We recommend performing analyses at the subject level (e.g., cross-validation by participant) rather than mixing data across nights to avoid data leakage. While the Dreem 2 headband provides reliable EEG-based staging, it is not equivalent to full polysomnography, and minor discrepancies may occur in transitional epochs. In our work, models were trained on a per-night basis; however, we encourage future research to explore approaches that leverage multi-night information within individuals, as this dataset is well-suited to support such analyses.

All subject-night folders in this dataset are complete and contain the expected three files:
motion.csv, hr.csv, and labels.mat.

These modalities are available for all subject-night folders.


Release Notes

Version 1.0.0: Initial release of the dataset.


Ethics

The study protocol was reviewed and approved by the University of Massachusetts Lowell Institutional Review Board. All participants provided written informed consent prior to enrollment.

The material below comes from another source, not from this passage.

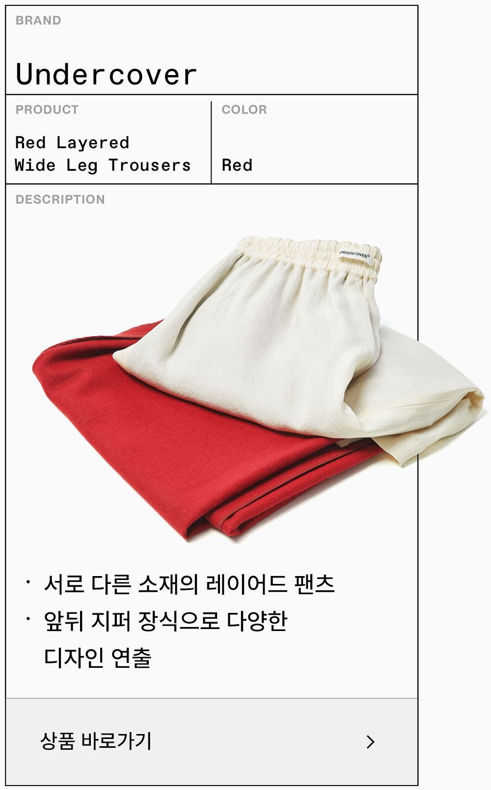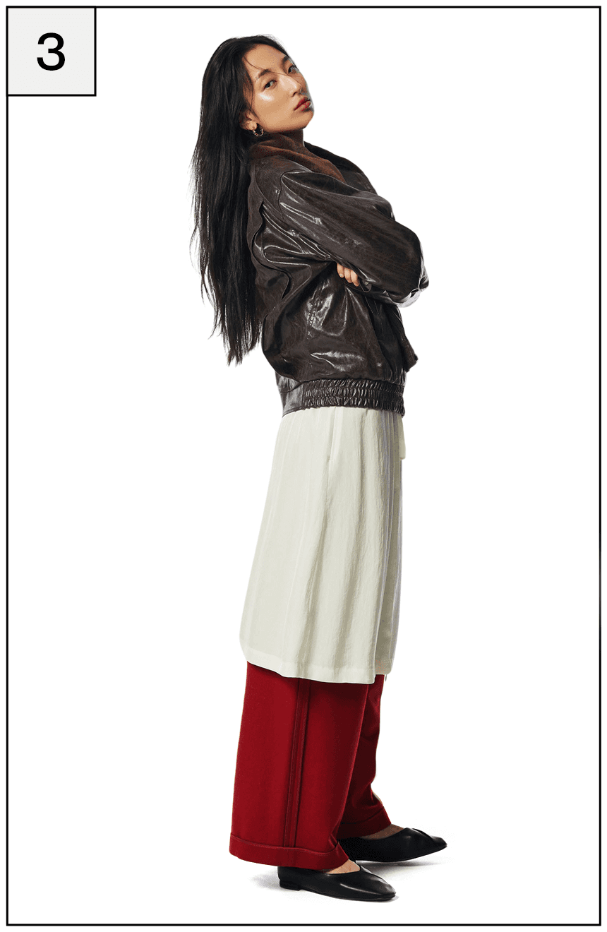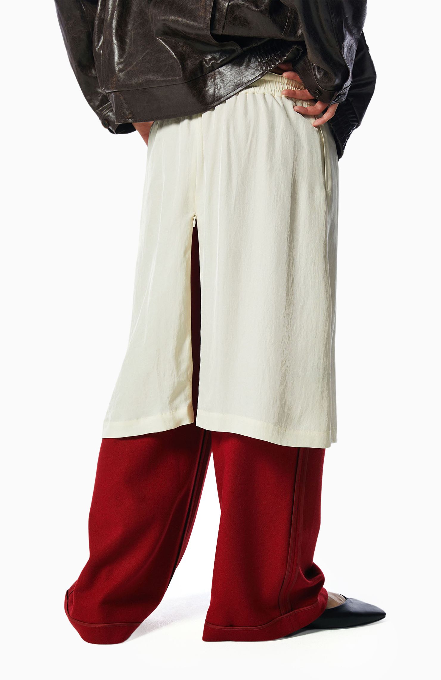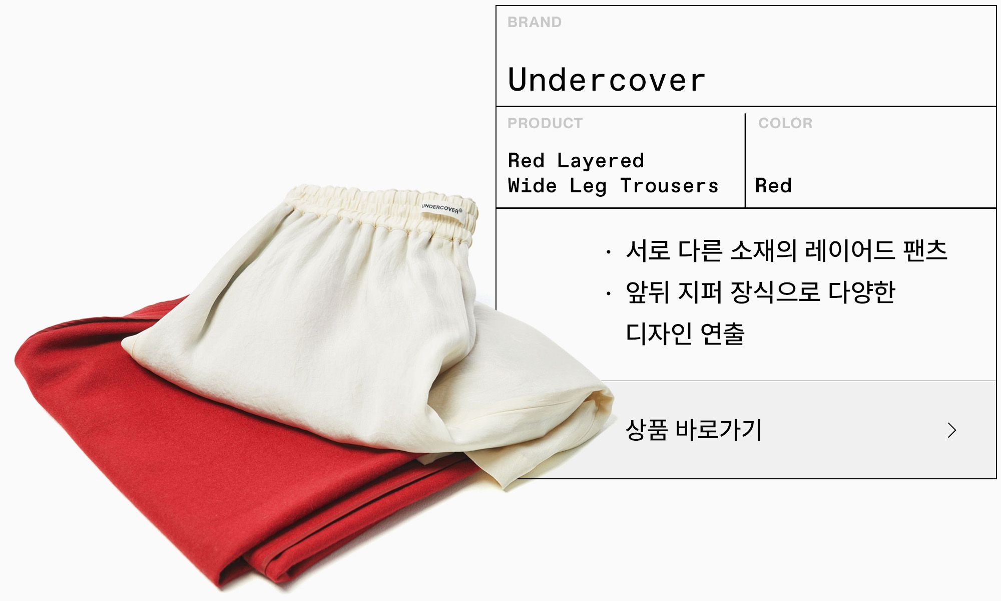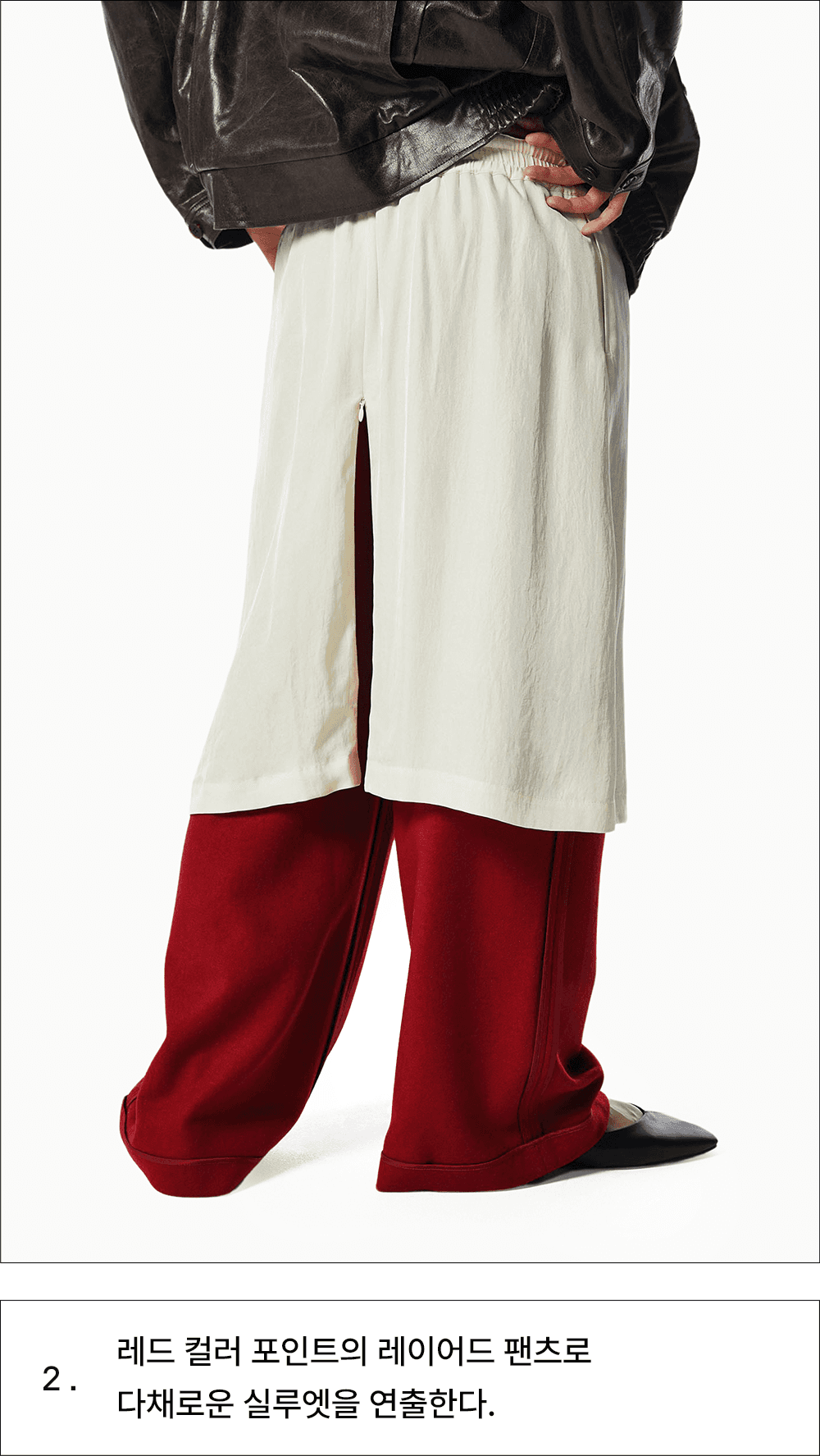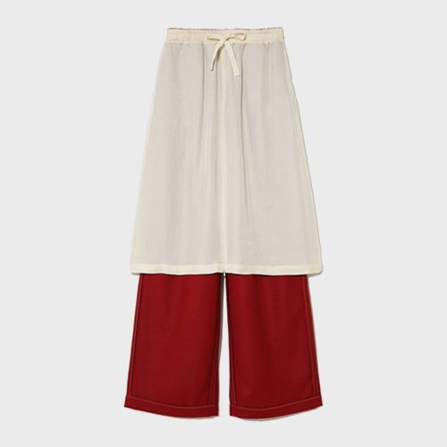 레드 컬러 포인트의 레이어드 팬츠로 다채로운 실루엣을 연출한다.

All data were de-identified in accordance with institutional and ethical guidelines before public release.


Acknowledgements

This work was supported in part by the National Institutes of Health grants R21AG068890, R01AG082354, and P30AG073107, and the Dreem Jury’s Prize. We also extend our gratitude to all the anonymous participants for their time and effort in recording their sleep data, which made this research possible.


Conflicts of Interest

The authors declare no conflicts of interest.


References

  1. Malhotra A, Loscalzo J. Sleep and cardiovascular disease: an overview. Prog Cardiovasc Dis. 2009 Jan;51:279–284.
  2. Shi L, Chen SJ, Ma MY, Bao YP, Han Y, Wang YM, Shi J, Vitiello MV, Lu L. Sleep disturbances increase the risk of dementia: A systematic review and meta-analysis. Sleep Med Rev. 2018 Aug;40:4–16.
  3. Moser D, Anderer P, Gruber G, Parapatics S, Loretz E, Boeck M, Kloesch G, Heller E, Schmidt A, Danker-Hopfe H, Saletu B, Zeitlhofer J, Dorffner G. Sleep classification according to AASM and Rechtschaffen & Kales: effects on sleep scoring parameters. Sleep. 2009 Feb;32:139–149.
  4. Kim RD, Kapur VK, Redline-Bruch J, Rueschman M, Auckley DH, Benca RM, Foldvary-Schafer NR, Iber C, Zee PC, Rosen CL, Redline S, Ramsey SD. An economic evaluation of home versus laboratory-based diagnosis of obstructive sleep apnea. Sleep. 2015 Jul;38:1027–1037.
  5. Shelgikar AV, Anderson PF, Stephens MR. Sleep tracking, wearable technology, and opportunities for research and clinical care. Chest. 2016 Sep;150:732–743.
  6. Song TA, Chowdhury SR, Malekzadeh M, Harrison S, Hoge TB, Redline S, Stone KL, Saxena R, Purcell SM, Dutta J. AI-driven sleep staging from actigraphy and heart rate. PLoS One. 2023 May;18:1–29.
  7. Song TA, Zhang Y, Zhou Z, Hou L, Malekzadeh M, Behzad A, Dutta J. AI-driven sleep staging using instantaneous heart rate and accelerometry: insights from an Apple Watch study. IEEE Trans Biomed Eng. 2026 Apr;73(4):1596–1608. doi:10.1109/TBME.2025.3612158.